START Data block
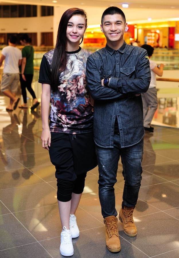 Giọng ca "Beautiful Girl" sở hữu phong cách thời trang cá tính, trong khi đó, bạn gái "bông hồng lai" cũng không kém phần phá cách với những kiểu mốt hợp xu hướng.
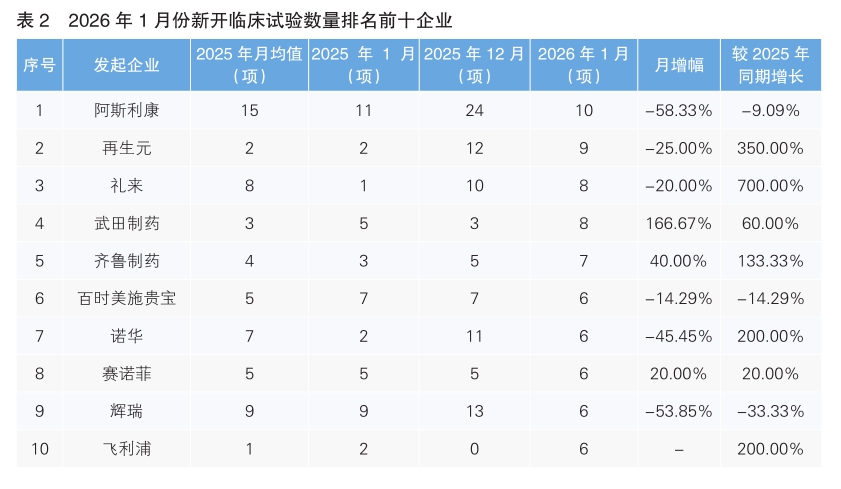 對(duì)新開臨床試驗(yàn)的發(fā)起單位進(jìn)行統(tǒng)計(jì)后發(fā)現(xiàn),1月份發(fā)起臨床試驗(yàn)最多的企業(yè)是阿斯利康,新開臨床試驗(yàn)10項(xiàng),環(huán)比下降了58.33%。其次為再生元,新開臨床試驗(yàn)9項(xiàng),環(huán)比下降了25%。新開臨床試驗(yàn)數(shù)量上升幅度最大的企業(yè)為武田制藥,環(huán)比上升了166.67%。值得注意的是,1月份我國(guó)藥企齊魯制藥進(jìn)入新開臨床試驗(yàn)數(shù)量排名前十榜單,新開臨床試驗(yàn)7項(xiàng),環(huán)比增長(zhǎng)40.00%,同比增長(zhǎng)133.33%。(詳見表2)
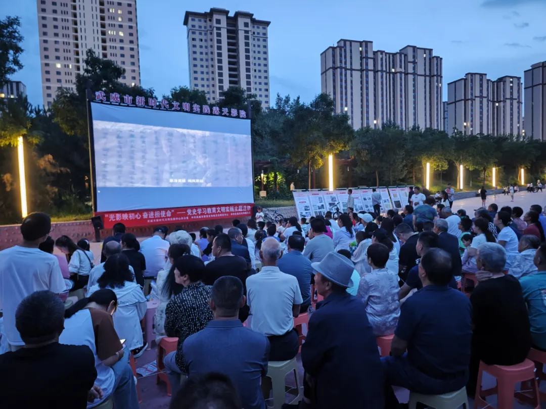 6月28日晚,在“七一”建党节来临之际,由市新时代文明实践中心办公室、市委党史和地方志研究中心、凉州区宣武街海藏社区主办的“光影映初心 奋进担使命”党史学习教育文明实践主题活动,在凉州区海藏湿地公园武威市新时代文明实践露天影院成功举办,吸引了数百名市民群众、党员干部及学生踊跃参与,以光影为媒、以知识为桥,共赴一场沉浸式红色文化之旅。
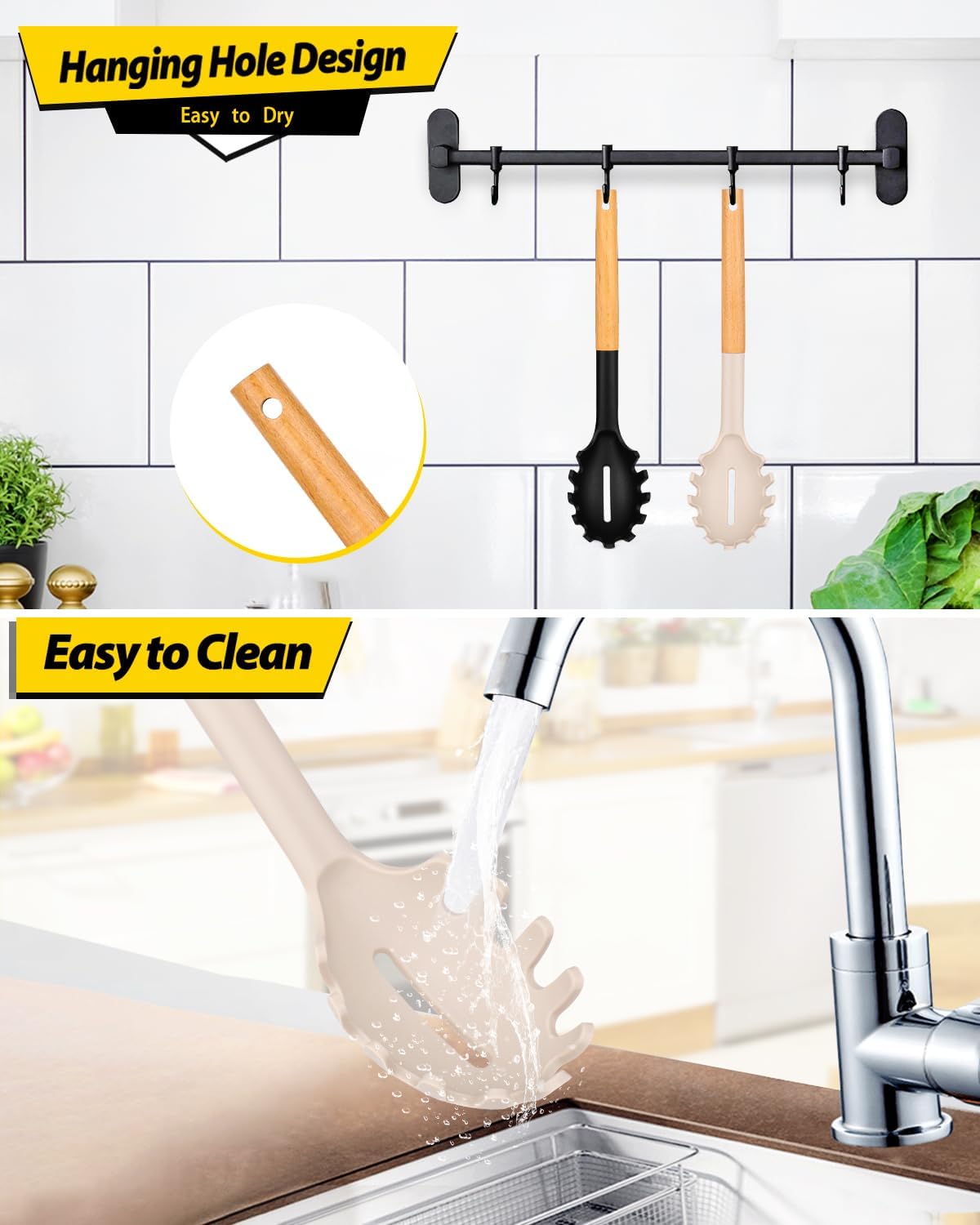 Pack of 2 Spaghetti Spoon, Silicone Pasta Fork with Wooden Handle, Heat Resistant Noodle Spoon Server, BPA Free Spaghetti Strainer(BLACK-KHAKI)
END Data block
◆ **Task requirements**: Print the data once more without any change, skipping each picture.

◆ **Solution for this task**:
 Giọng ca "Beautiful Girl" sở hữu phong cách thời trang cá tính, trong khi đó, bạn gái "bông hồng lai" cũng không kém phần phá cách với những kiểu mốt hợp xu hướng.
 對(duì)新開臨床試驗(yàn)的發(fā)起單位進(jìn)行統(tǒng)計(jì)后發(fā)現(xiàn),1月份發(fā)起臨床試驗(yàn)最多的企業(yè)是阿斯利康,新開臨床試驗(yàn)10項(xiàng),環(huán)比下降了58.33%。其次為再生元,新開臨床試驗(yàn)9項(xiàng),環(huán)比下降了25%。新開臨床試驗(yàn)數(shù)量上升幅度最大的企業(yè)為武田制藥,環(huán)比上升了166.67%。值得注意的是,1月份我國(guó)藥企齊魯制藥進(jìn)入新開臨床試驗(yàn)數(shù)量排名前十榜單,新開臨床試驗(yàn)7項(xiàng),環(huán)比增長(zhǎng)40.00%,同比增長(zhǎng)133.33%。(詳見表2)
 6月28日晚,在“七一”建党节来临之际,由市新时代文明实践中心办公室、市委党史和地方志研究中心、凉州区宣武街海藏社区主办的“光影映初心 奋进担使命”党史学习教育文明实践主题活动,在凉州区海藏湿地公园武威市新时代文明实践露天影院成功举办,吸引了数百名市民群众、党员干部及学生踊跃参与,以光影为媒、以知识为桥,共赴一场沉浸式红色文化之旅。
 Pack of 2 Spaghetti Spoon, Silicone Pasta Fork with Wooden Handle, Heat Resistant Noodle Spoon Server, BPA Free Spaghetti Strainer(BLACK-KHAKI)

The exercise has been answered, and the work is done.